Deficiency of fibroblast growth factor 21 (FGF21) promotes hepatocellular carcinoma (HCC) in mice on a long term obesogenic diet.

Molecular metabolism (2018-05-14)
Garima Singhal, Gaurav Kumar, Suzanne Chan, Ffolliott M Fisher, Yong Ma, Hilde G Vardeh, Imad A Nasser, Jeffrey S Flier, Eleftheria Maratos-Flier
ANOTACE

Non-alcoholic fatty liver (NAFL) associated with obesity is a major cause of liver diseases which can progress to non-alcoholic steatohepatitis, cirrhosis, and hepatocellular carcinoma (HCC). Fibroblast growth factor 21 (FGF21) plays an important role in liver metabolism and is also a potential marker for NAFL. Here we aimed to test the effect of FGF21 deficiency on liver pathology in mice consuming a conventional high fat, high sucrose (HFHS) obesogenic diet for up to 52 weeks. C57BL6 WT and FGF21 KO mice were fed a conventional obesogenic diet and were evaluated at 16 and 52 weeks. Evaluation included metabolic assessment, liver pathology, and transcriptomic analysis. With consumption of HFHS diet, FGF21 deficient mice (FGF21 KO) develop excess fatty liver within 16 weeks.

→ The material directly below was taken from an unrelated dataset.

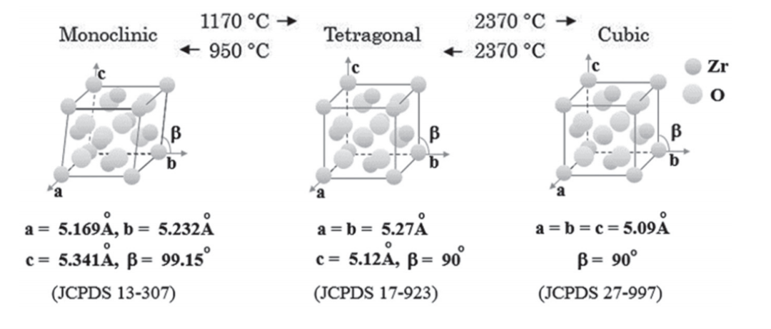 氧化鋯是一種存在單斜晶型(m)、四方晶型(t)和立方晶型(c) 3種形式的多晶材料,在一定溫度條件下會(huì)相互發(fā)生轉(zhuǎn)換。

Hepatic pathology progresses and at 52 weeks FGF21 KO mice show significantly worse fibrosis and 78% of mice develop HCC; in contrast only 6% of WT mice develop HCC. Well differentiated hepatocellular carcinomas in FGF21 KO mice were characterized by expanded hepatic plates, loss of reticulin network, cytologic atypia, and positive immunostaining for glutamine synthetase. Microarray analysis reveals enrichment of several fibroblast growth factor signaling pathways in the tumors. In addition to attenuating inflammation and fibrosis in mice under a number of dietary challenges, we show here that FGF21 is required to limit the progression from NAFL to HCC in response to prolonged exposure to an obesogenic diet. The induction of hepatic FGF21 in response to the high fat, high sucrose obesogenic diet may play an important role in limiting progression of liver pathology from NAFL to HCC.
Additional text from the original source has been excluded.